▶ Your assignment:
When the line containing "- Elegant Appearance: Comes" is found in the data below, give it again along with every later line, exactly; drop the pictures.

▶ Data extract:
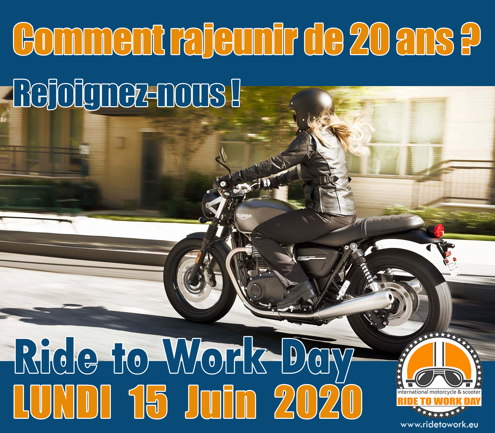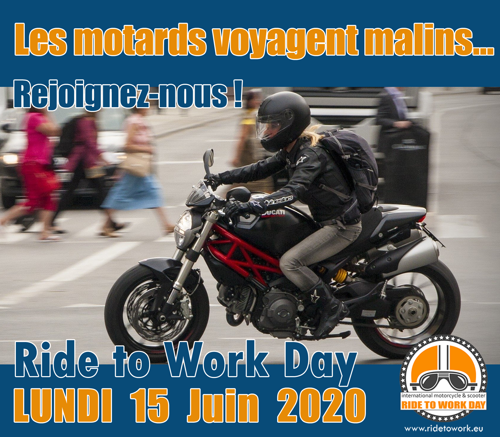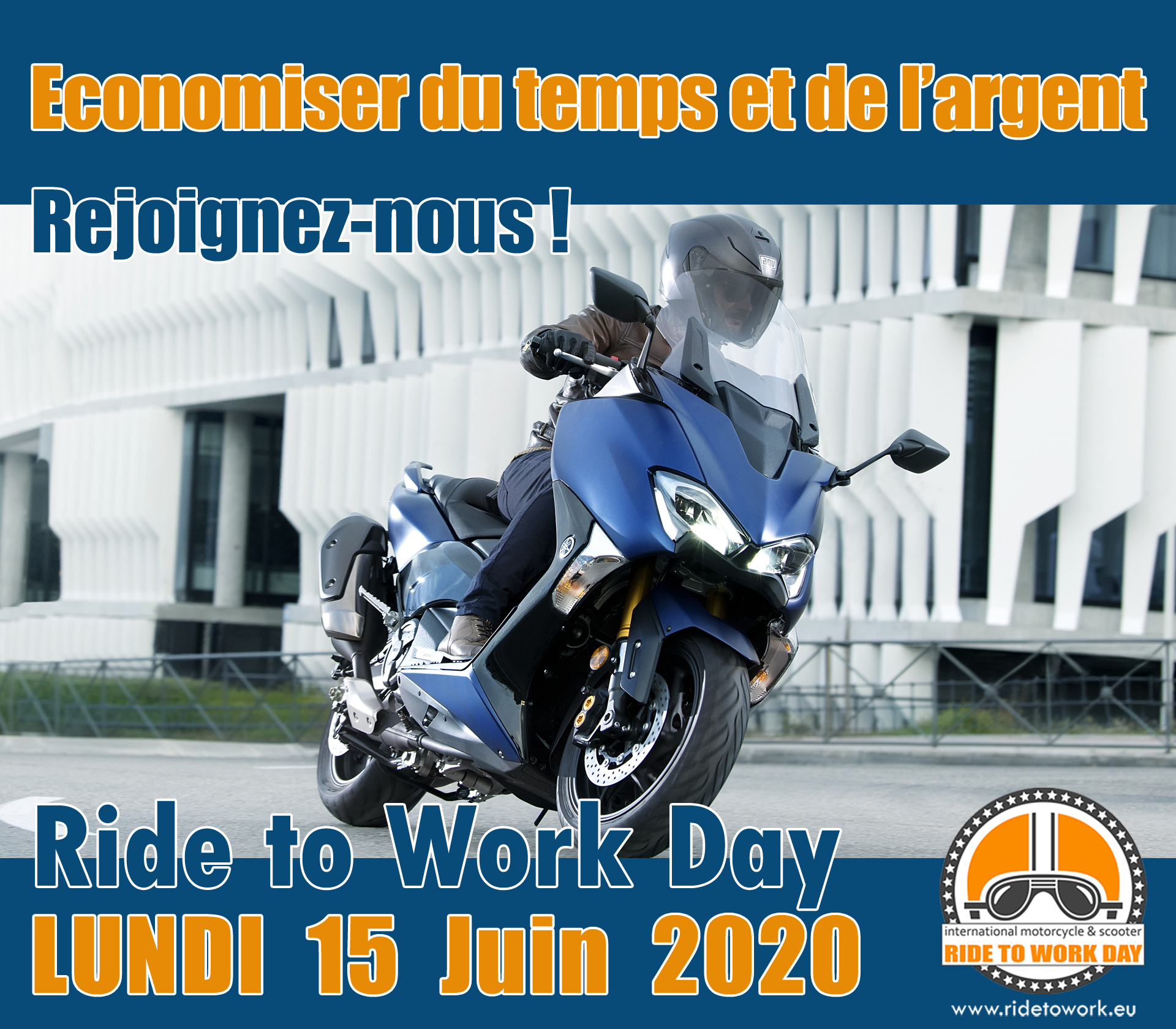 L’opération « ride to work day », relancée par la FEMA (Federation of European Motorcyclists Associations), se déroule chaque année le 3e lundi du mois de juin. Le 15 juin sera donc LE jour pour se rendre sur son lieu de travail à moto et parler des avantages du deux-roues motorisé comme moyen de transport à vos amis, collègues ou employeurs.
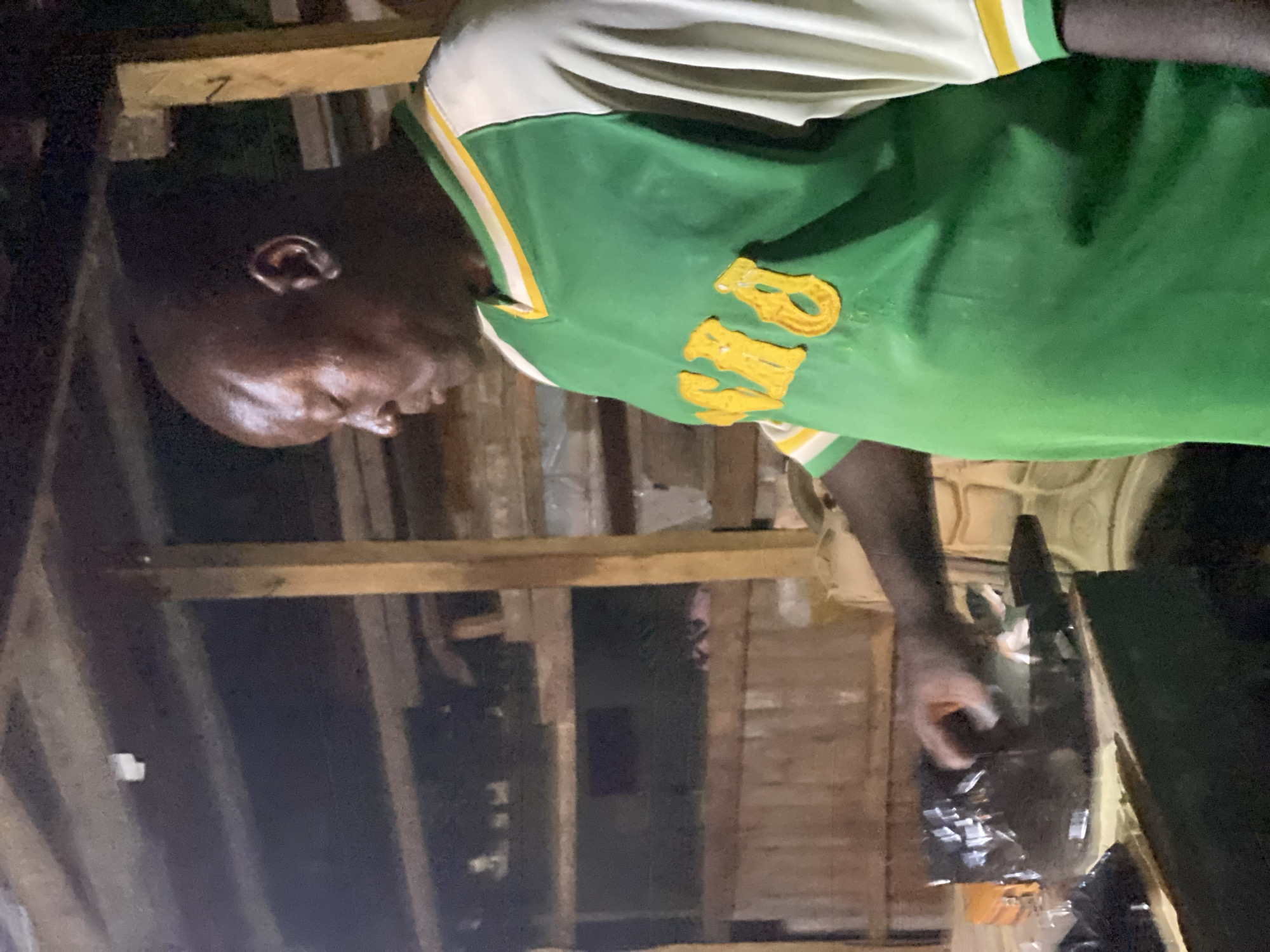 An adult male, with dark skin and a bald head, is depicted indoors in Maigizo, Nigeria
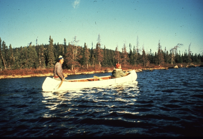 Shushep Mark and the late Ishpashtien Rich canoeing near Enakapeshakamau. Photo Nigel Markham, courtesy Innu Nation.
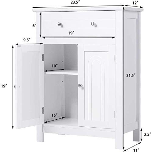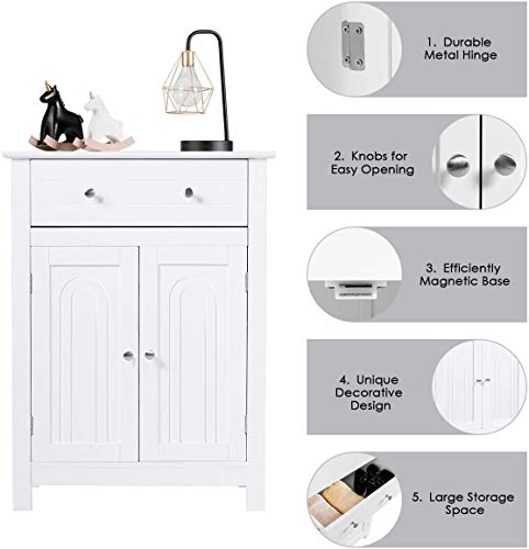 - Elegant Appearance: Comes with smooth surface and unique design, our bathroom cabinet is suitable for matching any decoration style in your home. The cabinet has a stylish groove design on drawers and doors for a touch of fashion.
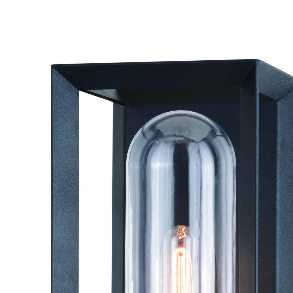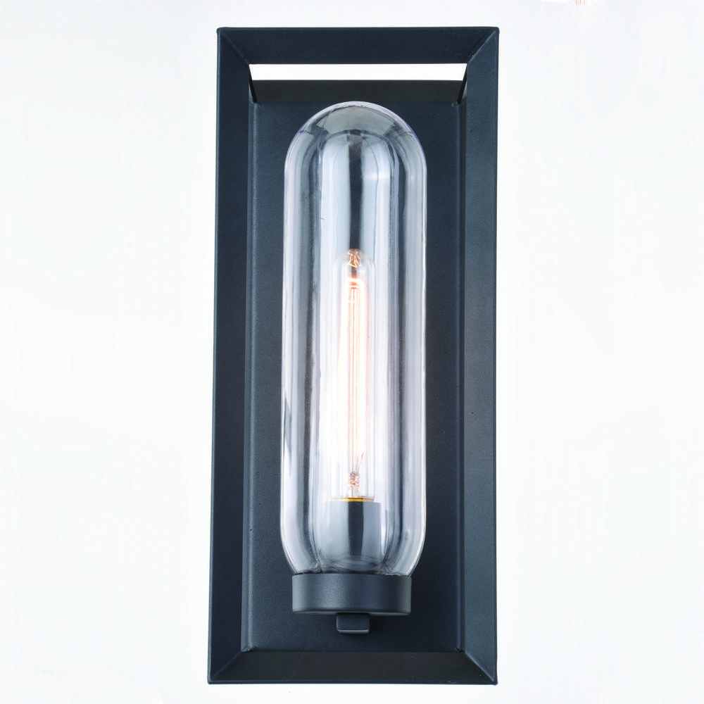 Long and lean best describes the Pullman collection. The unique chambered matte black frame strongly surrounds the generously sized light source. Pill shaped clear glass offers a clean open feel, setting the stage for this wall mount beauty to shine. Ideal for your porch, entryway, garage, or any other area of your home.
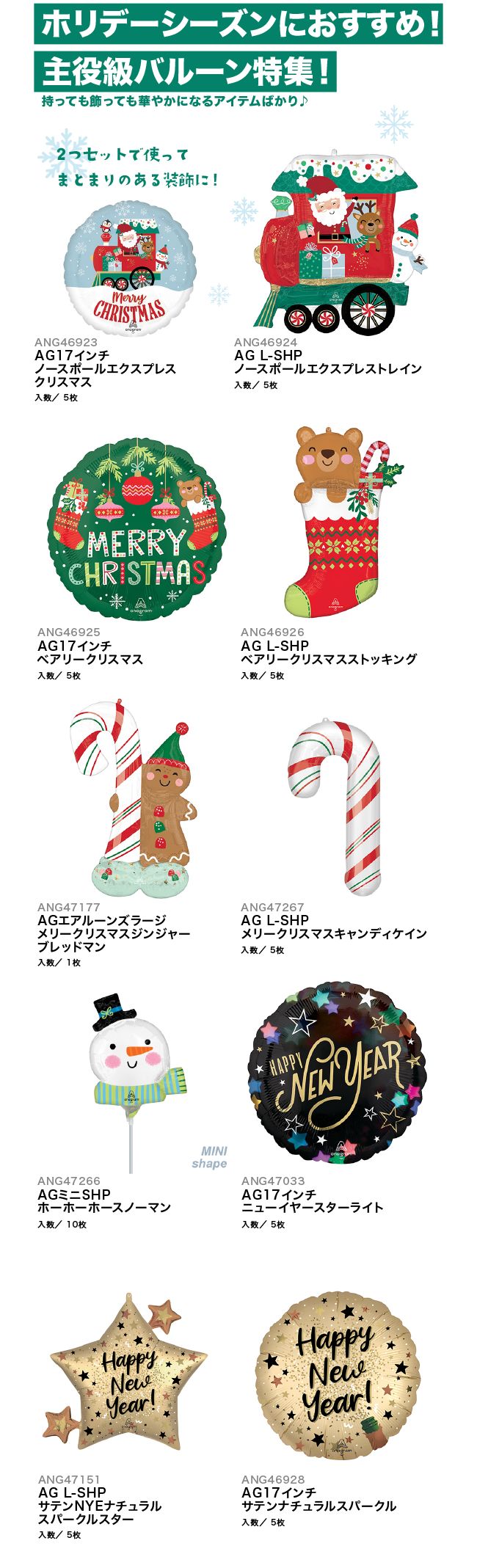 【新商品!】ホリデーシーズンにおすすめ!主役級バルーン特集!

▶ Solved problem:
 - Elegant Appearance: Comes with smooth surface and unique design, our bathroom cabinet is suitable for matching any decoration style in your home. The cabinet has a stylish groove design on drawers and doors for a touch of fashion.
 Long and lean best describes the Pullman collection. The unique chambered matte black frame strongly surrounds the generously sized light source. Pill shaped clear glass offers a clean open feel, setting the stage for this wall mount beauty to shine. Ideal for your porch, entryway, garage, or any other area of your home.
 【新商品!】ホリデーシーズンにおすすめ!主役級バルーン特集!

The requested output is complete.